- Born: 1946 Middlesex, England
- Died: 22 January 2024 (aged 77)
- Allegiance: United Kingdom
- Branch: British Army
- Service years: 1977–2002
- Rank: Colonel
- Commands: Queen Alexandra's Royal Army Nursing Corps (1999–2002)
- Awards: Commander of the Order of the British Empire Associate of the Royal Red Cross

= Bridget McEvilly =

British Army nurse and nursing administrator (1946–2024)
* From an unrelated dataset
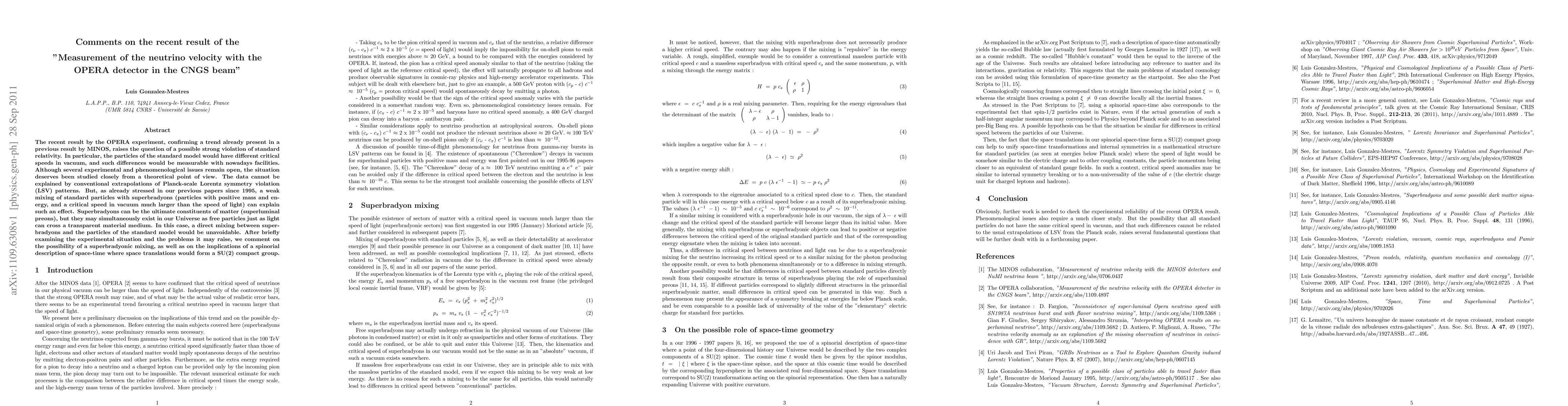 The recent result by the OPERA experiment, confirming a trend already present in a previous result by MINOS, raises the question of a possible strong violation of standard relativity. In particular, the particles of the standard model would have different critical speeds in vacuum, and such differences would be measurable with nowadays facilities. Although several experimental and phenomenological issues remain open, the situation deserves been studied closely from a theoretical point of view. The data cannot be explained by conventional extrapolations of Planck-scale Lorentz symmetry violation (LSV) patterns. But, as already stressed in our previous papers since 1995, a weak mixing of standard particles with superbradyons (particles with positive mass and energy, and a critical speed in vacuum much larger than the speed of light) can explain such an effect. Superbradyons can be the ultimate constituents of matter (superluminal preons), but they may simultaneously exist in our Universe as free particles just as light can cross a transparent material medium. In this case, a direct mixing between superbradyons and the particles of the standard model would be unavoidable. After briefly examining the experimental situation and the problems it may raise, we comment on the possibility of a superbradyonic mixing, as well as on the implications of a spinorial description of space-time where space translations would form a SU(2) compact group.

Colonel Bridget Christina McEvilly, (1946 – 22 January 2024) was a British Army nurse and nursing administrator who served as Director Army Nursing Services and Matron-in-Chief of the Queen Alexandra's Royal Army Nursing Corps (QARANC).

==Life and career==
Born in Middlesex, McEvilly was commissioned in Queen Alexandra's Royal Army Nursing Corps (QARANC) in 1977, having previously been a nurse in hospitals in, among other places, Canada, London, and the Falkland Islands.

McEvilly was later a nursing administrator at the Ministry of Defence, and served as Assistant Director Army Nursing Services. She was awarded the Associate of the Royal Red Cross in the 1985 New Year Honours, and appointed a Commander of the Order of the British Empire in the 2002 New Year Honours.

== Death ==
McEvilly died after a long illness on 22 January 2024, at the age of 77.